Wednesday, July 1, 2009

Maybe $400 grand will get their attention

... because a court-designated threat leaving a note for his future victims reading "I will kill you" was apparently too subtle.

A domestic abuse survivor who sued the Jonesville, N.C., police department that she claimed failed to enforce a protection order has settled with the city for $430,000. Unfortunately, the settlement doesn't require the city to admit any wrongdoing, which - bureacratically speaking - means they aren't compelled to actually change anything about how they handle DV cases.

The comments to this article on the Journal's Web site bring up victim-blaming (thankfully shot down promptly) and also a sort of defense of the husband/father in the case.

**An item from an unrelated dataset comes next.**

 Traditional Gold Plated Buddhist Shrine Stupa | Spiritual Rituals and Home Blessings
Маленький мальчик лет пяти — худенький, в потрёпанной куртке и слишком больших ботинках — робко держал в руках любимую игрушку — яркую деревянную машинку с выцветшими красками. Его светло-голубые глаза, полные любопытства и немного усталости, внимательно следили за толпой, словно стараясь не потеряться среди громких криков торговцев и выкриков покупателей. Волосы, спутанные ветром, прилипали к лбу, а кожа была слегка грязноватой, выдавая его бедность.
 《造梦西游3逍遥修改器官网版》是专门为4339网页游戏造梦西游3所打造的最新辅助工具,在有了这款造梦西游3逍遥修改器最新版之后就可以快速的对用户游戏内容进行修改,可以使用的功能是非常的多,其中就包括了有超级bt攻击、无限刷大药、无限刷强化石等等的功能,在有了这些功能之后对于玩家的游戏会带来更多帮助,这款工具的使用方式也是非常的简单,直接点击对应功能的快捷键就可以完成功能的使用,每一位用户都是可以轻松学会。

He was "a hard-working, respectable and loving father" while the wife/mother (who filed the protection order) was "bitter" and "unfriendly," according to this commenter. Sure, he/she's right that none of us were there. But the facts show that a judge thought there was enough cause to issue the order in the first place, and that Richard Ellerbe DID stab to death his own daughter and wound his wife before killing himself.

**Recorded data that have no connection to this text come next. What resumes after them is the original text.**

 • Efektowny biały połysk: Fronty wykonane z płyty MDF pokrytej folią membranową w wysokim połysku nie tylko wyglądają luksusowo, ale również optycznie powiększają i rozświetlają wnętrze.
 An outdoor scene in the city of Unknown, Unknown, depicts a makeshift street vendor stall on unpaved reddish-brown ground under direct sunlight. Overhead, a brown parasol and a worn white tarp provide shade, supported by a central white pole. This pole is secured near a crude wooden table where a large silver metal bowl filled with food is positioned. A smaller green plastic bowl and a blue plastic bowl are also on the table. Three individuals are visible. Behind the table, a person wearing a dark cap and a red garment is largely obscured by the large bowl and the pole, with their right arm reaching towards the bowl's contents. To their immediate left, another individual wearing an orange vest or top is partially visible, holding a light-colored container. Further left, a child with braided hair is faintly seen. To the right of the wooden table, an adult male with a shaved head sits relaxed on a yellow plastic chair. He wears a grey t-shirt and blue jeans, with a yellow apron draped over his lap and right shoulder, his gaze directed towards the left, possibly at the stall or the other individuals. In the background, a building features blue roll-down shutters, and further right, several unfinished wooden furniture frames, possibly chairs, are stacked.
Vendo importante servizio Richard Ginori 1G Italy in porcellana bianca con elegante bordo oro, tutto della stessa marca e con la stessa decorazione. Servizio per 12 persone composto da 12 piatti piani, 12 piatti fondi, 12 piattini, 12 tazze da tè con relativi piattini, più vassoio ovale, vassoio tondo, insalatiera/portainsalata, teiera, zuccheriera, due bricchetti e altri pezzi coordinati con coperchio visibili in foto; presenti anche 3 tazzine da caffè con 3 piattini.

In cases of alleged sexual assault or DV, I freely admit that I'm biased toward the alleged victim. And I have to be aware of that bias, especially since I also personally know men who've been falsely accused of abusing their partners. While I can cite a handful of cases where men were railroaded, the overwhelming tendency is for law enforcement to blow off cases that involve violence against women (something I know both from personal experience and from national trends).

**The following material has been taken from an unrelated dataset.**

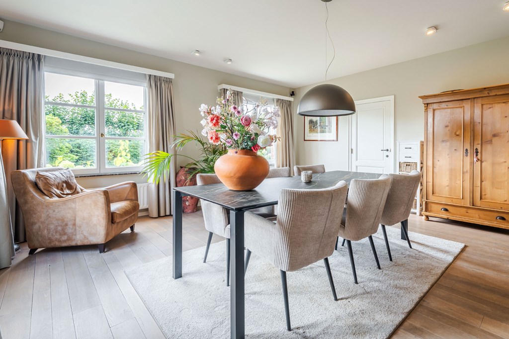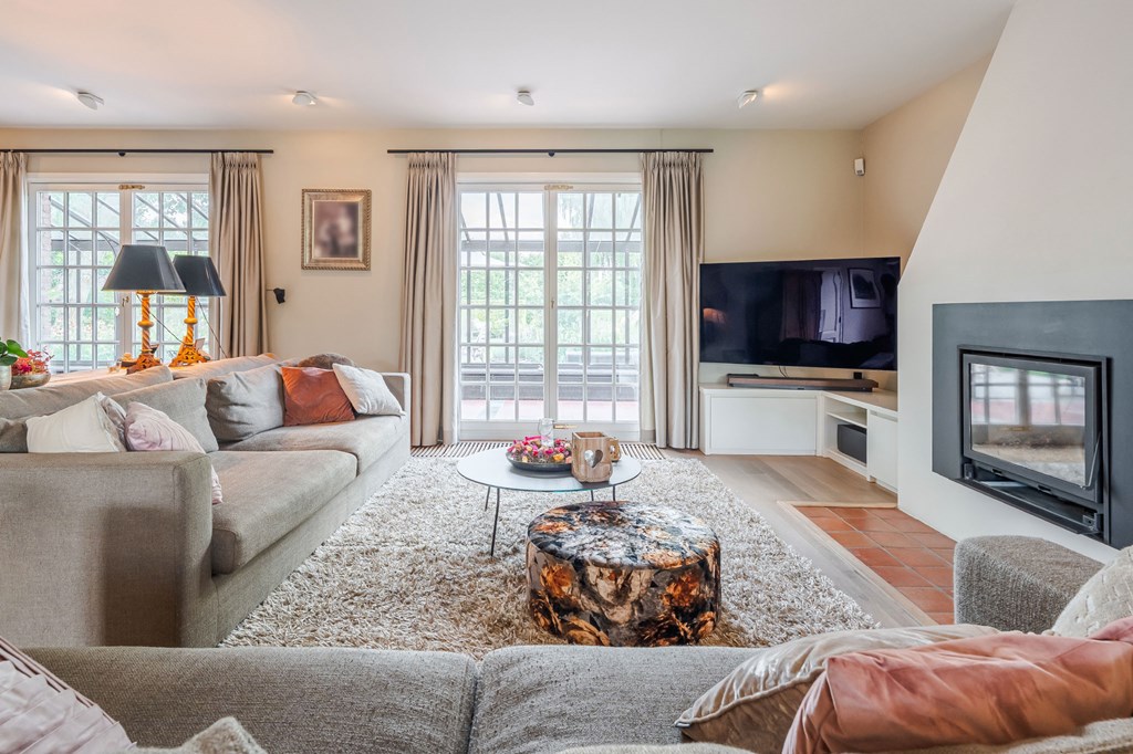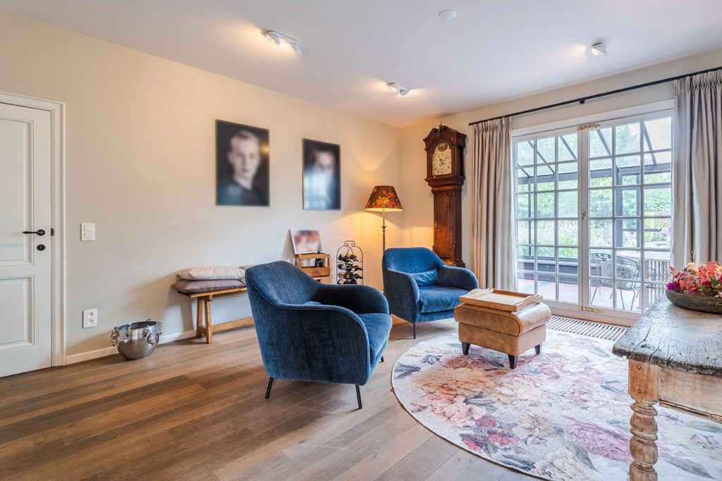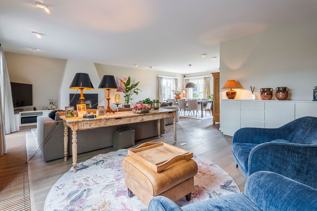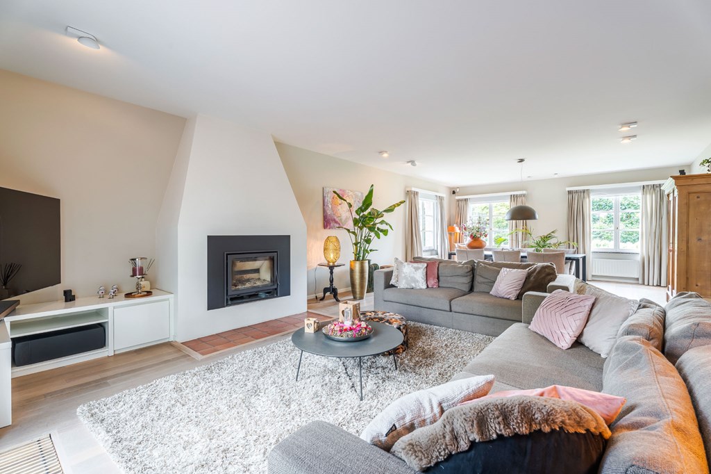 De ruim opgezette L-vormige living is voorzien van een parketvloer, een ingebouwde houtkachel en heeft een directe verbinding met de serre. Door de grote raampartijen is er veel natuurlijke daglichttoetreding in de ruimte. Vanwege het lichtinval zijn er diverse gezellige hoekjes te creëren. Aansluitend heeft u toegang tot het kloppende hart van deze woning, de leefkeuken.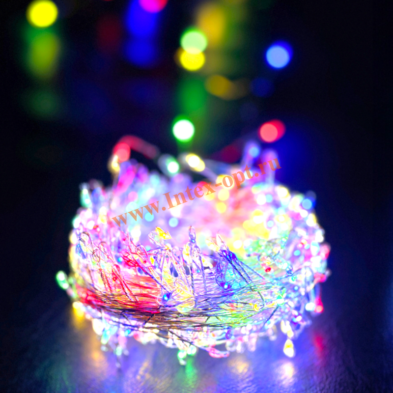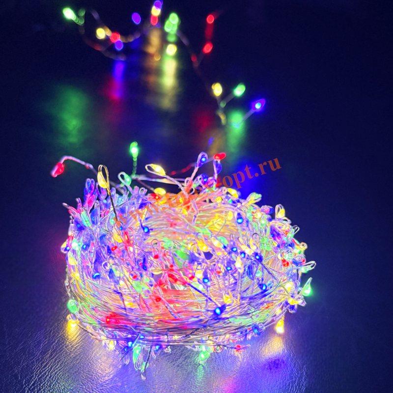 Пушистая гирлянда нить, роса на елку создает теплую и уютную атмосферу с ярким свечением, благодаря светодиодам, которые расположены на тонкой проволоке.

Any case involving intimate partner violence can be difficult for a cop to understand, because of their (the cases') nature. Why didn't you leave? Why did you talk to him? Why did you let him in your house? What was it that made you so scared of him? The answers to these questions can be impossible to articulate, and I can sympathize with police officers who are asked to build a case with only those answers as evidence.

But in this case, that wasn't all they had. I say again, a judge (a Yadkin County judge, at that) thought that the danger to Ms. Cockerham was real enough to warrant a restraining order. The Jonesville police failed to enforce that order even after repeated threats from Ms. Cockerham's estranged husband - whatever their reasons. (And trust me, it's not like Jonesville is the crime capital of the universe. Next to DV, their biggest problem is 15 year-olds shoplifting beer.) And now two people are dead, and a family devastated.

Hopefully, this will be a wake-up call to law enforcement agencies that seriously need to re-evaluate how they handle cases of partner violence - including DV and sexual assault, almost 90 percent of which are committed by someone known to the victim. They need to be educated that most of these cases aren't going to be as clear-cut as, say, a robbery. But they're still crimes, and their victims still deserve justice.